++++ RECORDS FOR THIS EXERCISE ++++
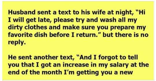 Late one evening, a spouse messaged to his better half, mentioning her to wash his grimy garments and set up his #1 dish before he got back. Shockingly, there was no answer. Courageous, he sent another message, illuminating his better half about an expansion in his compensation and his arrangements to get her another vehicle.
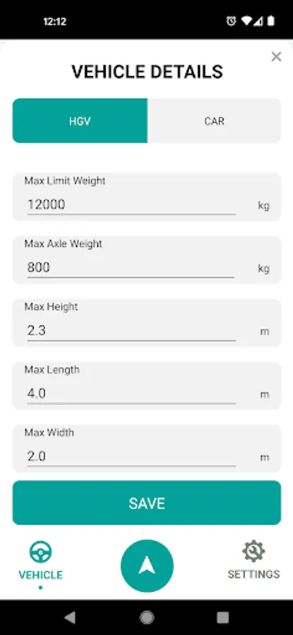 Vehicle dimensions are automatically populated in Turn through our integration with Stream. This means your vehicles max height, length and width, along with max weight limit and max axle weight are factored in when Turn is calculating a suitable route for your vehicle.
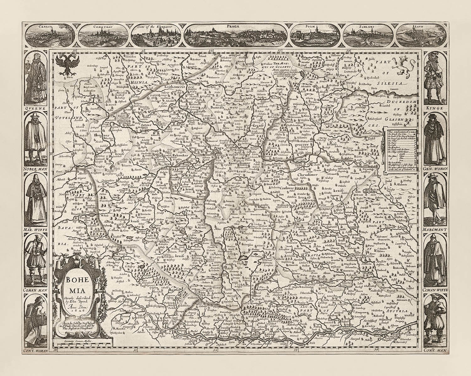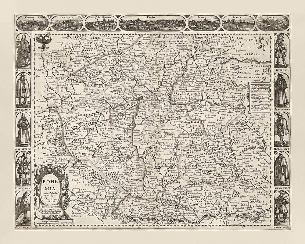 El mapa está adornado con elementos decorativos que realzan su atractivo visual y su valor histórico. A lo largo de los bordes, las figuras con atuendos tradicionales añaden un toque de elegancia y autenticidad, ofreciendo una ventana al tejido cultural de la Bohemia del siglo XVII. El diseño del mapa se enriquece aún más con un cartucho decorativo, que muestra el talento artístico de Speed y su compromiso de crear una pieza visualmente impactante. Estos adornos, combinados con las características geográficas detalladas, hacen de este mapa una verdadera obra de arte.
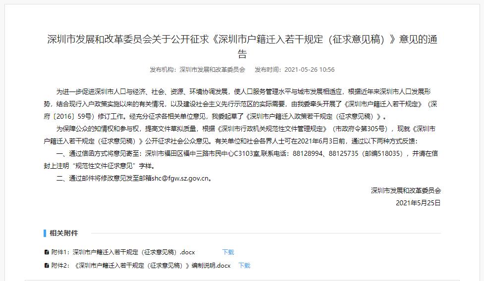 5月25日,深圳市发展和改革委员会公开征求《深圳市户籍迁入若干规定(征求意见稿)》意见(以下简称《征求意见稿》)。此次《征求意见稿》有诸多收紧的变化,将核准类学历型人才的底线要求调整为全日制本科,这意味着全日制大专学位将无法直接入户了,技术型人才底线要求调整为“中级职称+全日制大专”,技能型人才的底线要求调整为技师;本科收紧到35岁,硕士收紧到45岁。夫妻投靠基本要求由结婚时间及被投靠人入深户时间满2年调整为满5年,并增加高层次人才、高级职称、高级技师和硕士以上学历人员,原则上只享受一次不受时间限制优先解决配偶随迁问题的条件;老人随迁将子女入深户时间要求由8年调整为15年,并增加子女在深圳缴纳社保连续满15年的要求;对存在隐瞒、欺骗或提供虚假材料的入户人员,将2年内不得再次申请入户的政策要求提高至5年。
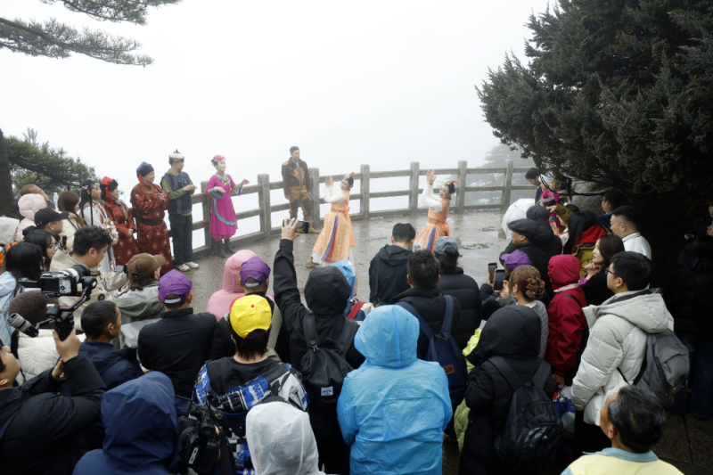 2月27日,“皖风有约 草原相见”呼伦贝尔大草原文旅推介活动走进黄山风景区,在巍峨奇秀的黄山之巅,为游客带来一场独具草原风情的文化汇演。
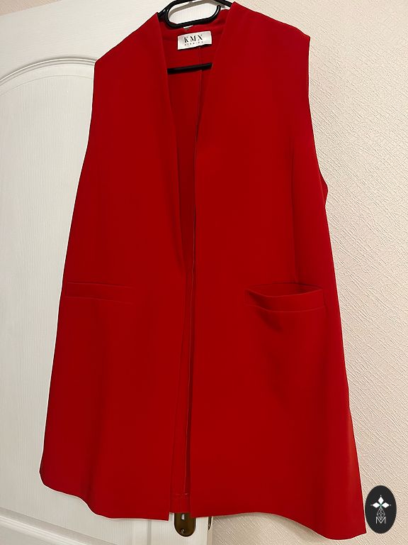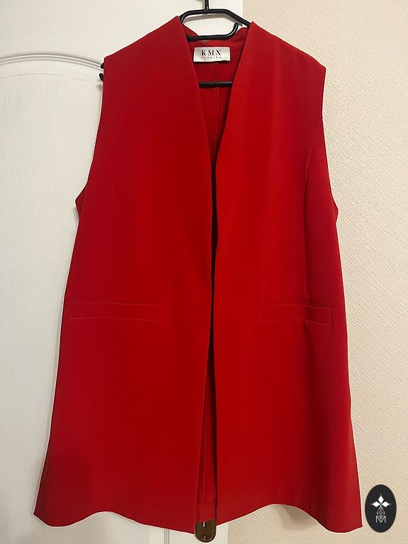 Erepunane jope, rinnus 115 cm, pikkus 60 cm, varrukad mansettidega 52 cm
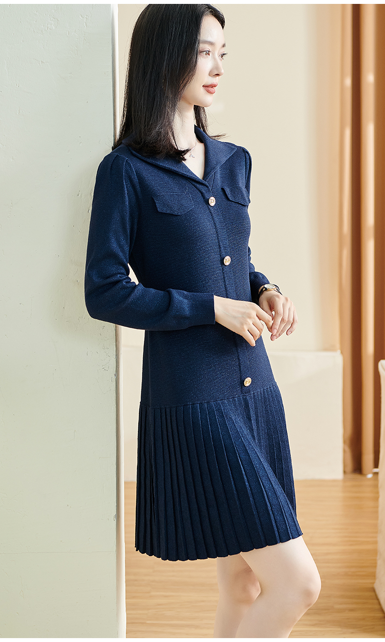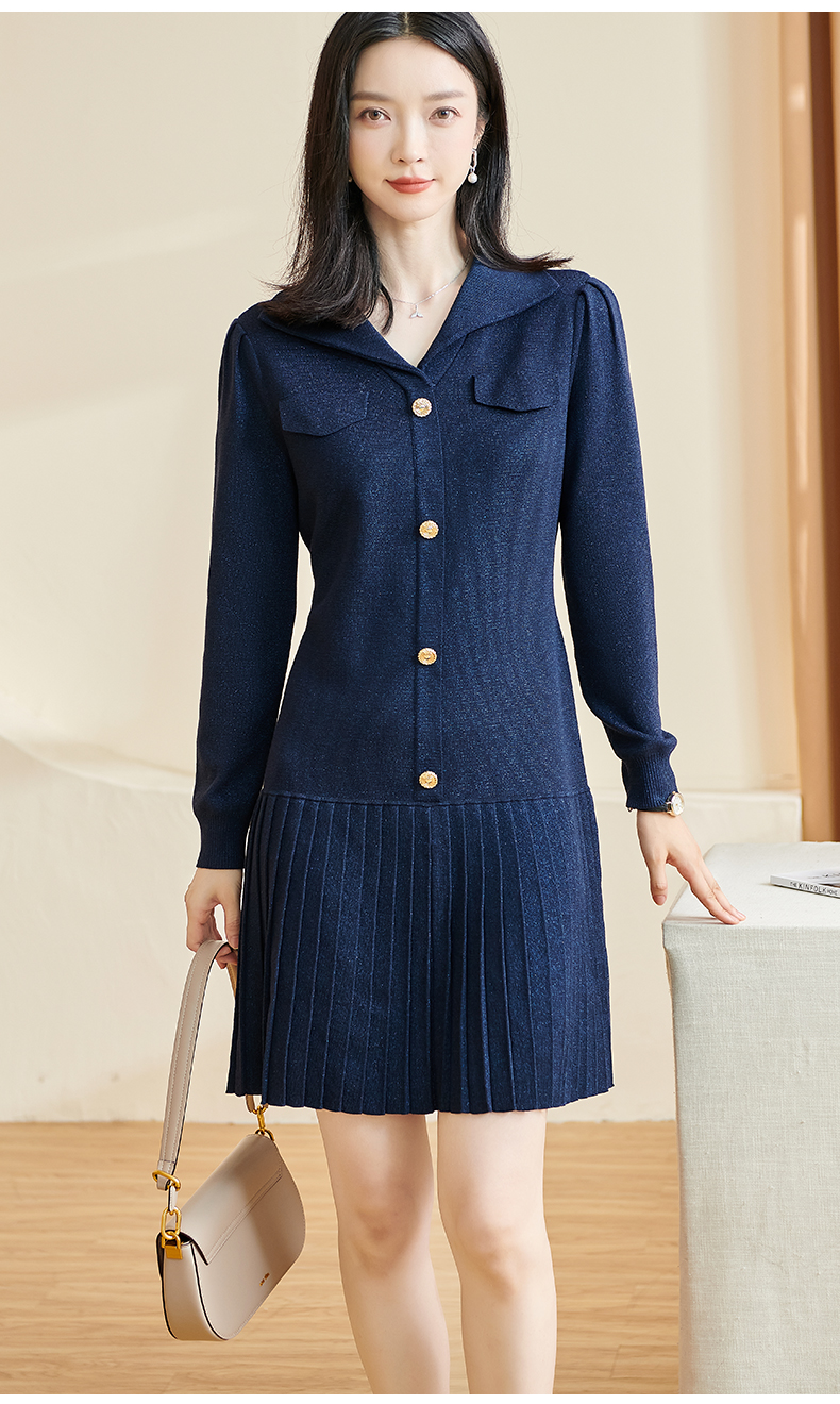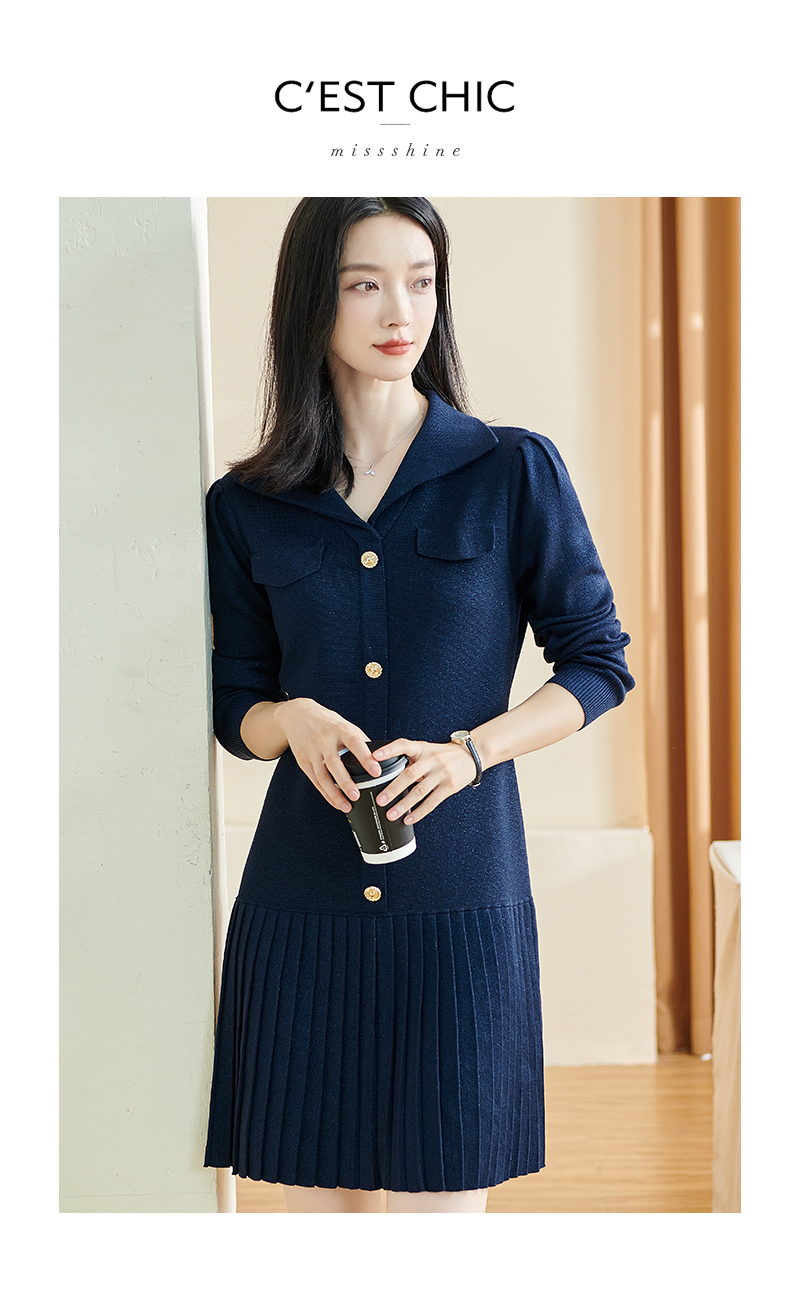 剩S/M 米思阳2025秋冬季新款时尚设计感藏蓝色连衣裙亮丝减龄百褶裙子3086
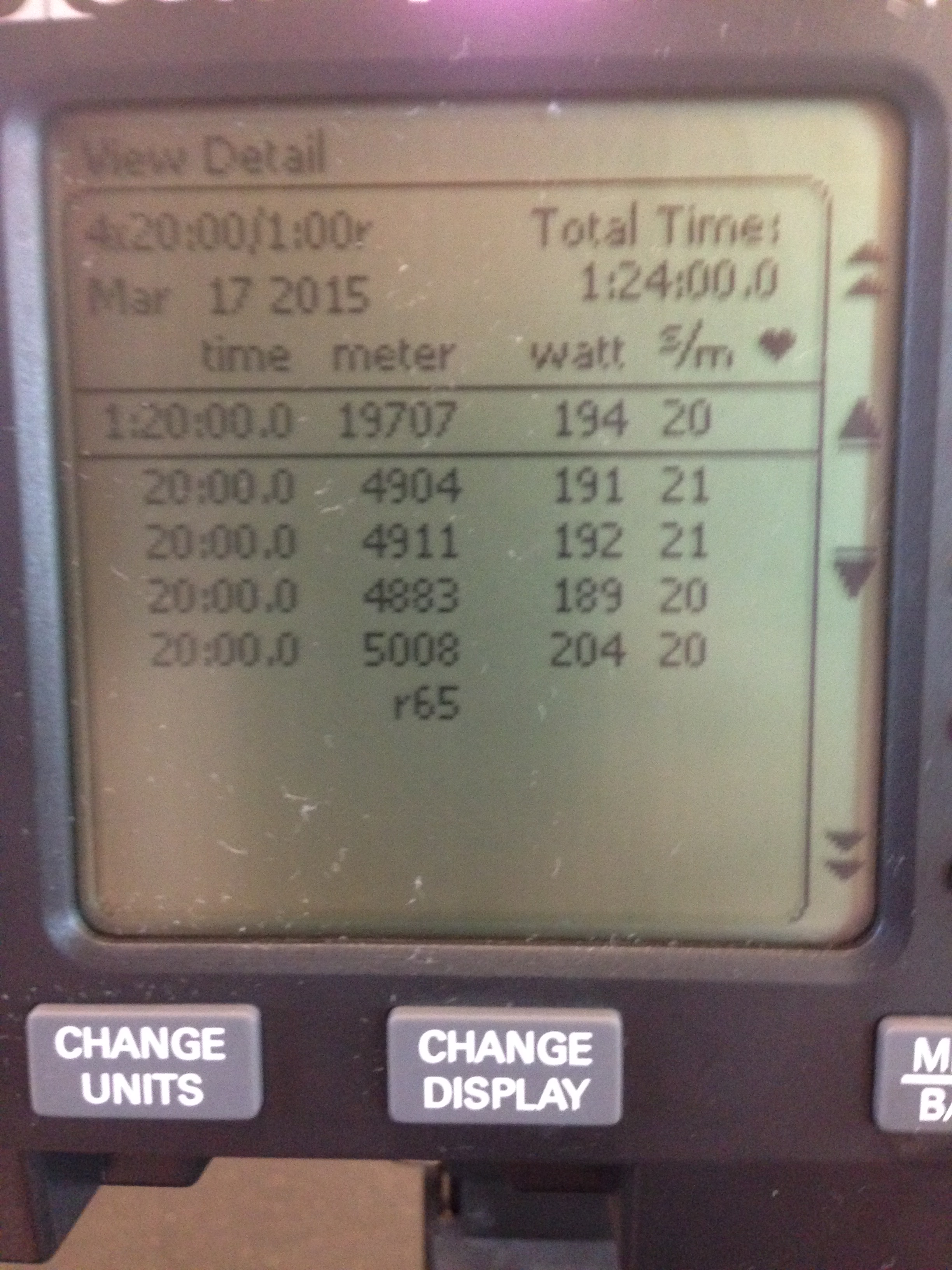 I just wanted to munch some meters today. I intended to row at 186W, but the atmosphere got to me and I ended up pushing harder and running a higher heart rate than I should have. My HR monitor started acting stupid after 40 minutes, but even before that I was pushing up into the low 150s. After 60 minutes, I had to make a decision to either slow it way down or have a little fun. I decided on fun in the form of a 20 minute L4 with these powers
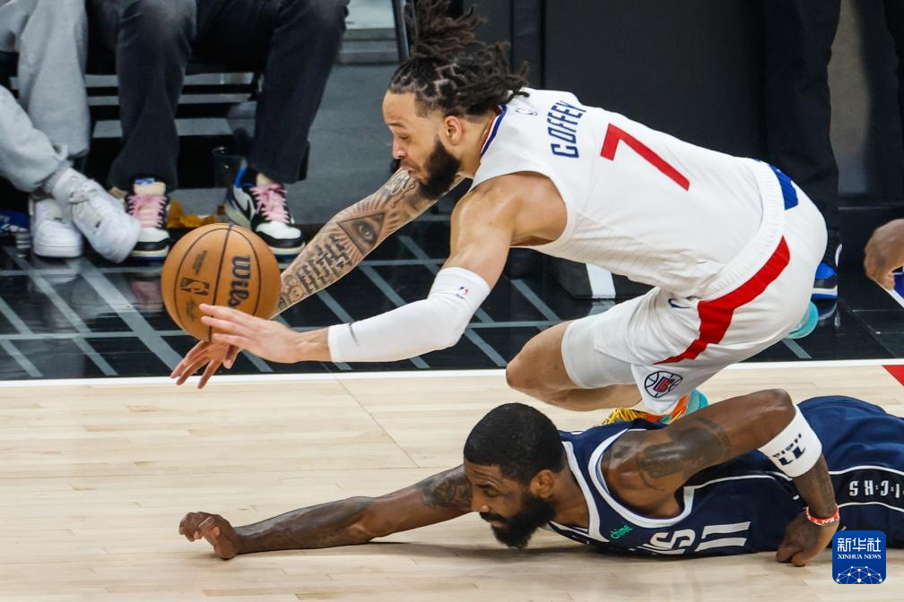 5月1日,快船队球员阿米尔·科菲(上)与独行侠队球员凯里·欧文在比赛中拼抢。新华社发(赵汉荣摄)
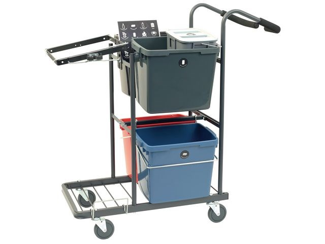 Praktisk och flexibel vagn för källsortering. Flexibel källsorteringsvagn med sex fraktioner i varierande storlek. Hållare för 125L säck, 4 x 25L backar färgkodade och 12L kärl med lock anpassat för matavfall. Karta med märkn... Läs mer
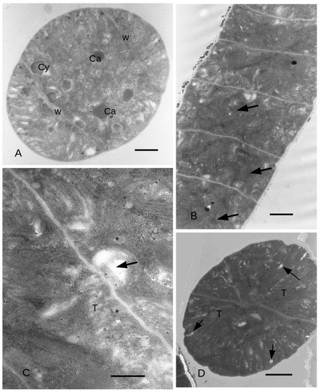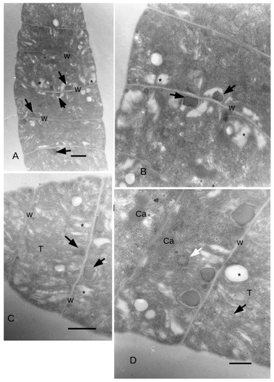 L. fusiformis filaments grown in yellow light (8 days). TEM images. (A): The filament width is 5.7 μm on average, while the cells’ height ranges from 2 μm in the middle of each cell to about 3 μm along the longitudinal tangential walls. Cyanophycin granules (arrowheads) are common in the cytoplasm. In many points close to the walls, some thylakoids are expanded (asterisks). Bar = 1 μm. (B): Cyanophycin granules (arrows) are common close to the transversal walls, adjoining thylakoids expansions. Bar = 1 μm. (C): In the final cells of the filaments, thylakoids membrane extends in the middle of the cell. Bar = 1 μm. (D): Some electron transparent bodies (asterisk) are formed between bundles of thylakoids surrounded by many ribosomes (arrows). Bar = 500 nm. Ca = Carboxysomes; Cy = Cyanophycin granules; T = Thylakoids; W = Wall.
++++
▶ [ACTIVITY] Would you print exactly the lines in the listing above, from the line bearing "Vehicle dimensions are" through the line bearing "5月1日,快船队球员阿米尔·", leaving out all pictures?

▶ [TASK ANSWER]
 Vehicle dimensions are automatically populated in Turn through our integration with Stream. This means your vehicles max height, length and width, along with max weight limit and max axle weight are factored in when Turn is calculating a suitable route for your vehicle.
 El mapa está adornado con elementos decorativos que realzan su atractivo visual y su valor histórico. A lo largo de los bordes, las figuras con atuendos tradicionales añaden un toque de elegancia y autenticidad, ofreciendo una ventana al tejido cultural de la Bohemia del siglo XVII. El diseño del mapa se enriquece aún más con un cartucho decorativo, que muestra el talento artístico de Speed y su compromiso de crear una pieza visualmente impactante. Estos adornos, combinados con las características geográficas detalladas, hacen de este mapa una verdadera obra de arte.
 5月25日,深圳市发展和改革委员会公开征求《深圳市户籍迁入若干规定(征求意见稿)》意见(以下简称《征求意见稿》)。此次《征求意见稿》有诸多收紧的变化,将核准类学历型人才的底线要求调整为全日制本科,这意味着全日制大专学位将无法直接入户了,技术型人才底线要求调整为“中级职称+全日制大专”,技能型人才的底线要求调整为技师;本科收紧到35岁,硕士收紧到45岁。夫妻投靠基本要求由结婚时间及被投靠人入深户时间满2年调整为满5年,并增加高层次人才、高级职称、高级技师和硕士以上学历人员,原则上只享受一次不受时间限制优先解决配偶随迁问题的条件;老人随迁将子女入深户时间要求由8年调整为15年,并增加子女在深圳缴纳社保连续满15年的要求;对存在隐瞒、欺骗或提供虚假材料的入户人员,将2年内不得再次申请入户的政策要求提高至5年。
 2月27日,“皖风有约 草原相见”呼伦贝尔大草原文旅推介活动走进黄山风景区,在巍峨奇秀的黄山之巅,为游客带来一场独具草原风情的文化汇演。
 Erepunane jope, rinnus 115 cm, pikkus 60 cm, varrukad mansettidega 52 cm
 剩S/M 米思阳2025秋冬季新款时尚设计感藏蓝色连衣裙亮丝减龄百褶裙子3086
 I just wanted to munch some meters today. I intended to row at 186W, but the atmosphere got to me and I ended up pushing harder and running a higher heart rate than I should have. My HR monitor started acting stupid after 40 minutes, but even before that I was pushing up into the low 150s. After 60 minutes, I had to make a decision to either slow it way down or have a little fun. I decided on fun in the form of a 20 minute L4 with these powers
 5月1日,快船队球员阿米尔·科菲(上)与独行侠队球员凯里·欧文在比赛中拼抢。新华社发(赵汉荣摄)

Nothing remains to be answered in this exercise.